_Data block:_
■ ■ ■ ■
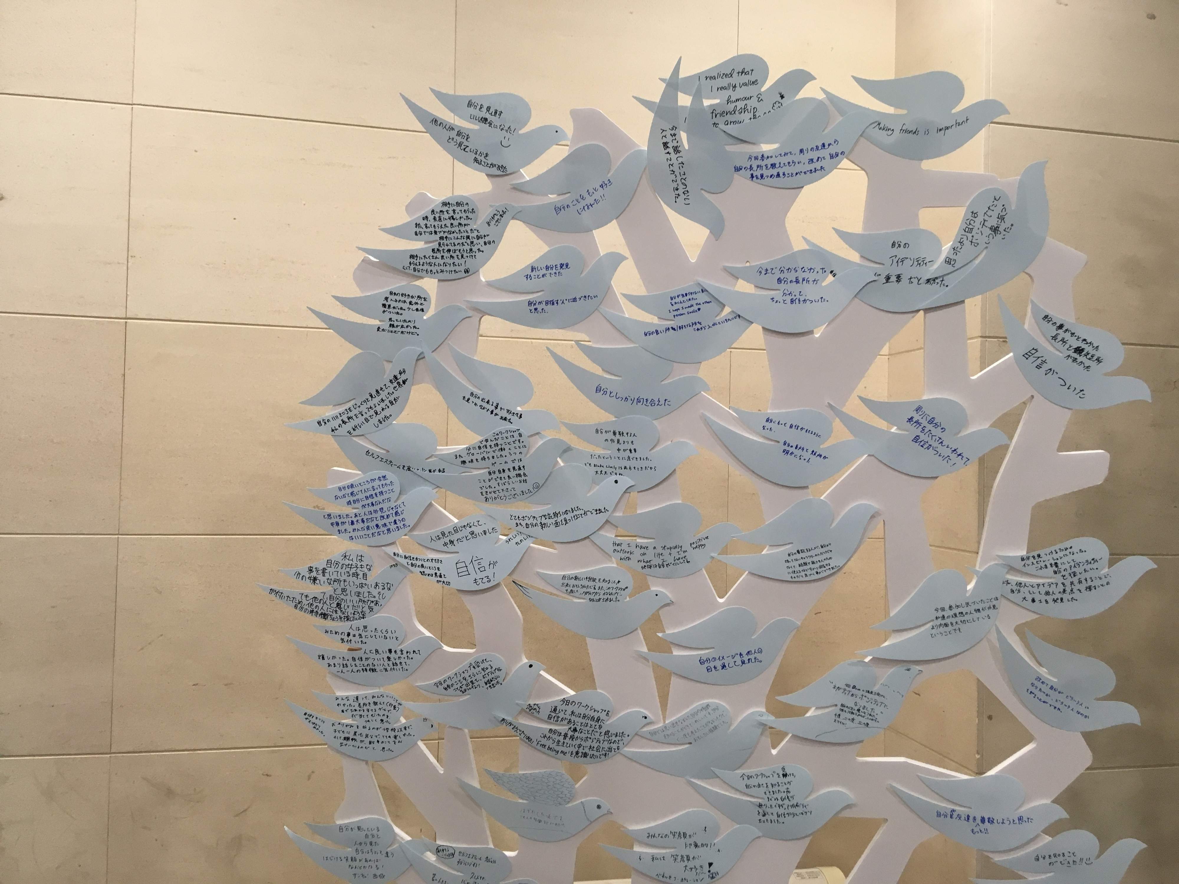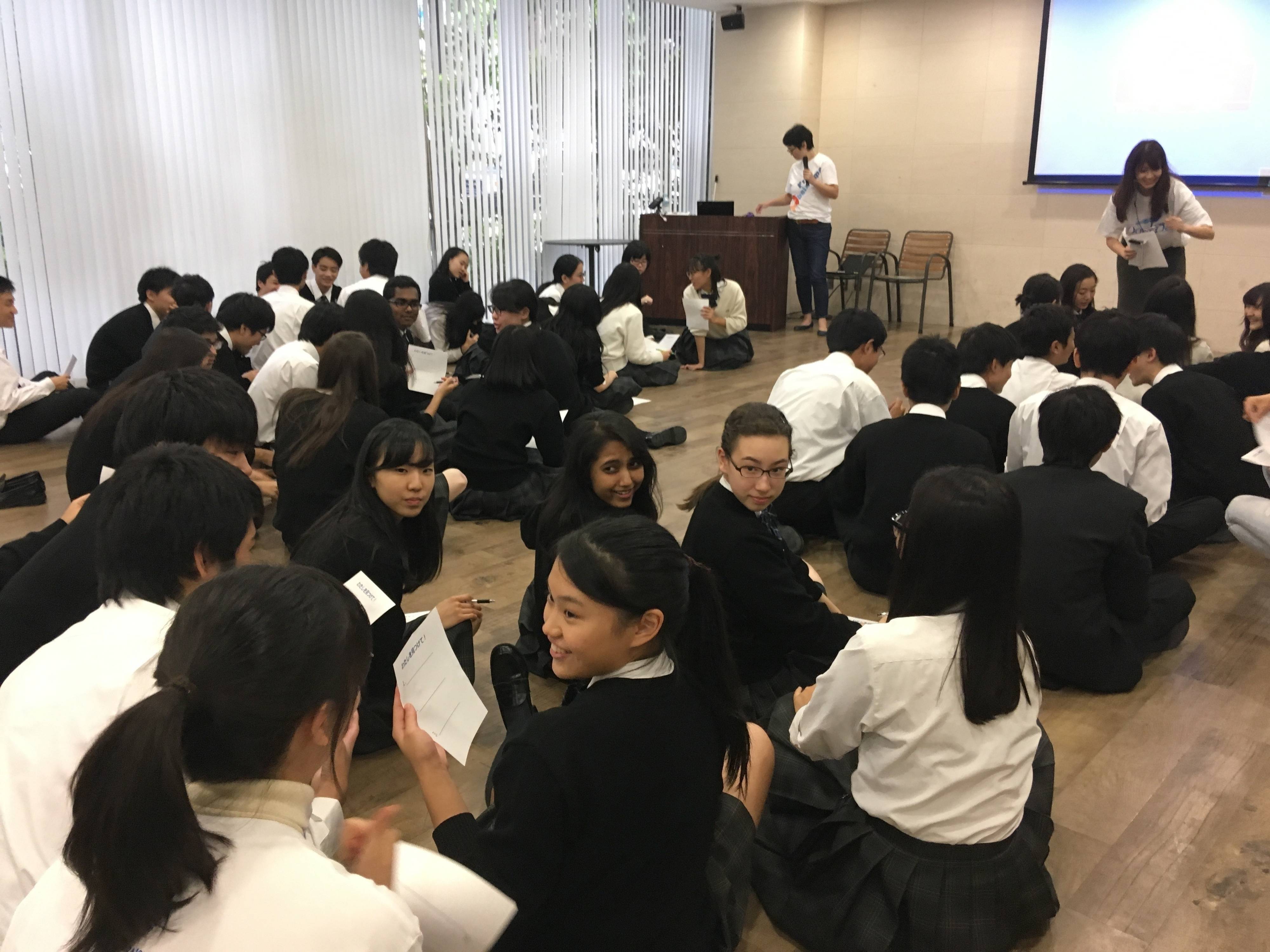 最後は、折り紙に容姿についても含めた「自分のいいところ8つ」を書いて、いろいろな人とセッションするプログラム。最初のプログラムと同様、「8つも書けない!」という声も聞こえつつ、だいぶ“自分自身を見つめるコツ”がつかめてきた様子。書き終わったら、一対一でいろんな人と発表しあい、お互いについて認め合います。会場はすっかり打ち解けた空気に包まれ、中には思わずハグし合う生徒も!
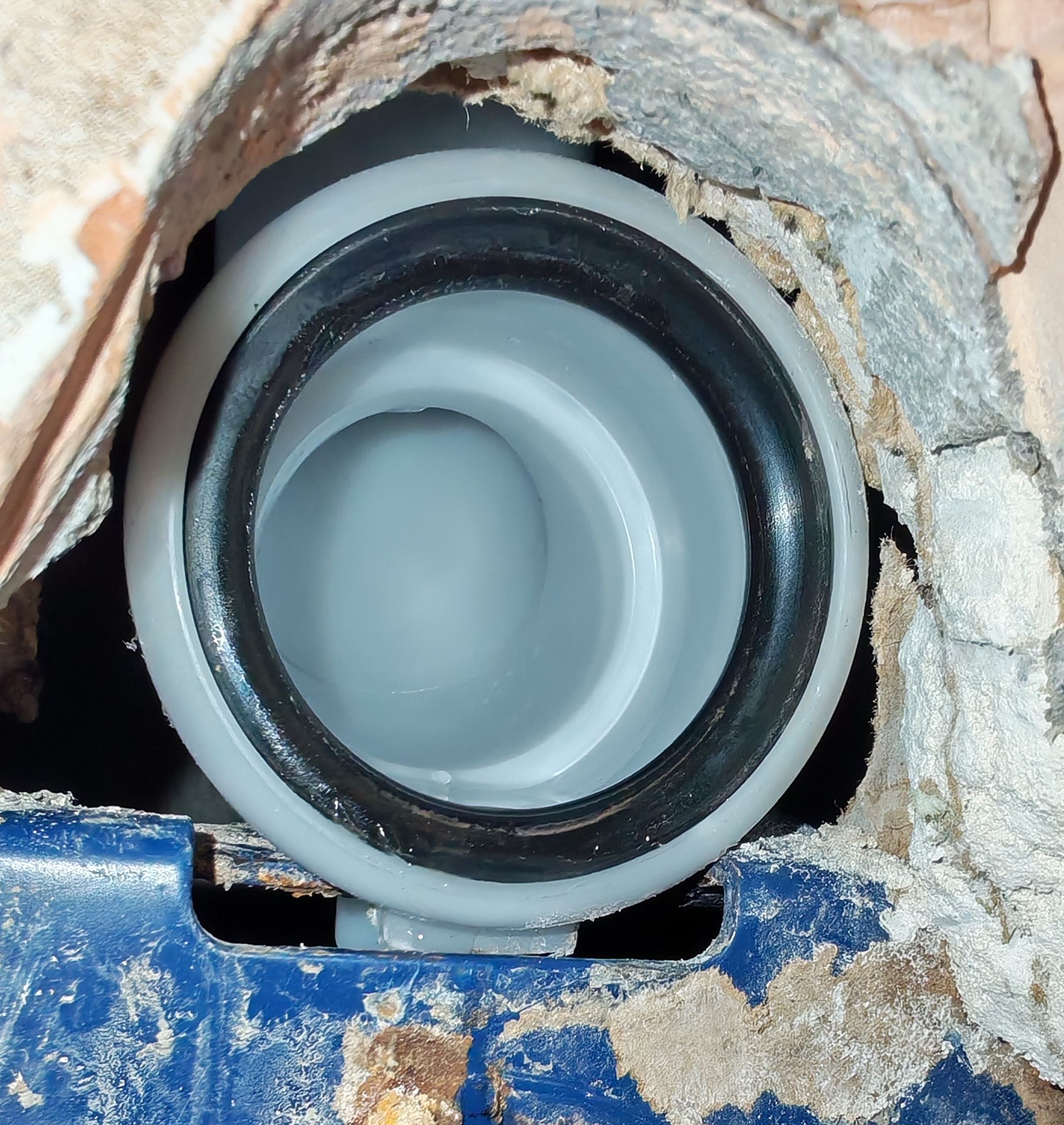 Тръбата от снимката от предходния пост изглежда фуниевидна, но не е. Може би от ъгъла на заснемане и ефекта на лещата. Тук се вижда че е цилиндрична, с леко разширение тип вътрешна фаска за по-лесно надяване към щуцера.
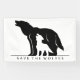 Este es un diseño blanco y negro de un lobo aullante con su cachorro de lobo. Muchas especies de lobos (incluido el lobo gris) siguen en peligro. El texto dice "Salven a los lobos". Este diseño se puede personalizar agregando tu propio texto o imágenes.
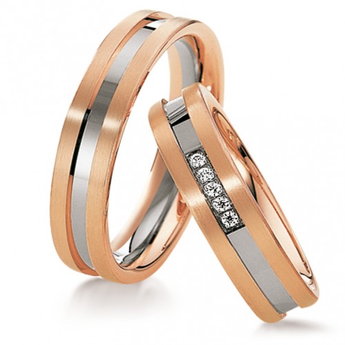 Obrączki złote SAINT MAURICE z kolekcji ETERNITY model 82032, 82033 wykonane w technologii bezszwowej. Ciekawe dwukolorowe obrączki ślubne z rowkiem z białego złota na środku. W obrączce damskiej oprawiono 5 szt brylantów o masie łącznej 0,05 ct.
■ ■ ■ ■
_What you have to do:_ Restate the material above exactly. Exclude all pictures.

_Answer to this problem:_
 最後は、折り紙に容姿についても含めた「自分のいいところ8つ」を書いて、いろいろな人とセッションするプログラム。最初のプログラムと同様、「8つも書けない!」という声も聞こえつつ、だいぶ“自分自身を見つめるコツ”がつかめてきた様子。書き終わったら、一対一でいろんな人と発表しあい、お互いについて認め合います。会場はすっかり打ち解けた空気に包まれ、中には思わずハグし合う生徒も!
 Тръбата от снимката от предходния пост изглежда фуниевидна, но не е. Може би от ъгъла на заснемане и ефекта на лещата. Тук се вижда че е цилиндрична, с леко разширение тип вътрешна фаска за по-лесно надяване към щуцера.
 Este es un diseño blanco y negro de un lobo aullante con su cachorro de lobo. Muchas especies de lobos (incluido el lobo gris) siguen en peligro. El texto dice "Salven a los lobos". Este diseño se puede personalizar agregando tu propio texto o imágenes.
 Obrączki złote SAINT MAURICE z kolekcji ETERNITY model 82032, 82033 wykonane w technologii bezszwowej. Ciekawe dwukolorowe obrączki ślubne z rowkiem z białego złota na środku. W obrączce damskiej oprawiono 5 szt brylantów o masie łącznej 0,05 ct.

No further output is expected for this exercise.